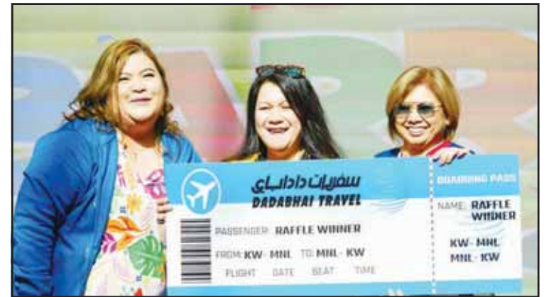
Dadabhai Travel General Manager hands the air ticket to the raffle draw winner.
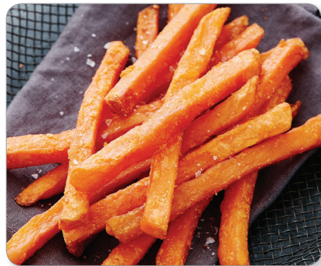
Sweet Potato Chips 4 x 2.5kg Case
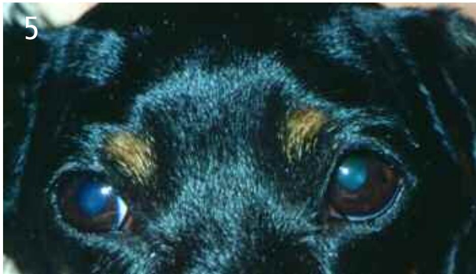
5 Bilateral extraocular photograph obtained at 6-month recheck. No evidence of exophthalmos or corneal ulceration was seen OU. The dog had excellent ocular motility.

Initial treatment consisted of prednisone (1 mg/kg PO Q 12 H), azathioprine (2 mg/kg PO Q 24 H), triple antibiotic ointment (OU Q 6 H), atropine (OS Q 24 H for 3 days), and an Elizabethan collar to prevent self-trauma. Prednisone and azathioprine were initiated concurrently due to histologic evidence of sclerosing inflammation. Immunoregulatory agents such as cyclophosphamide, azathioprine, methotrexate, and/or cyclosporine, in combination with corticosteroid therapy, may reduce the amount of fibrosis and cicatricial sequelae to this type of extraocular inflammation. 5
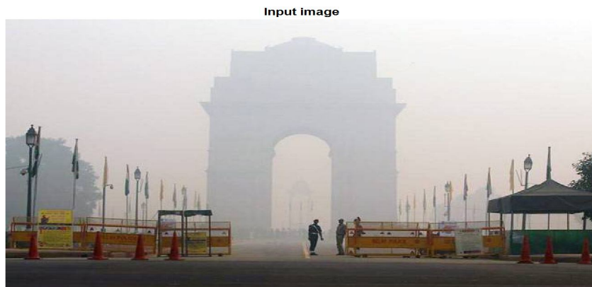
(a) Input Data Image

For qualitative evaluation we compared our results with [9], [14], [15] and [17] methods. Our proposed method dominates all the previous methods in terms of qualitative evaluation. The qualitative results of our proposed method are shown in Figure 3 with different data images.

**Exercise prompt**
From the line with "Initial treatment consisted" down to the end of the entries, retype each line exactly as written, but drop the pictures.

**Solution to this task**
Initial treatment consisted of prednisone (1 mg/kg PO Q 12 H), azathioprine (2 mg/kg PO Q 24 H), triple antibiotic ointment (OU Q 6 H), atropine (OS Q 24 H for 3 days), and an Elizabethan collar to prevent self-trauma. Prednisone and azathioprine were initiated concurrently due to histologic evidence of sclerosing inflammation. Immunoregulatory agents such as cyclophosphamide, azathioprine, methotrexate, and/or cyclosporine, in combination with corticosteroid therapy, may reduce the amount of fibrosis and cicatricial sequelae to this type of extraocular inflammation. 5
(a) Input Data Image

For qualitative evaluation we compared our results with [9], [14], [15] and [17] methods. Our proposed method dominates all the previous methods in terms of qualitative evaluation. The qualitative results of our proposed method are shown in Figure 3 with different data images.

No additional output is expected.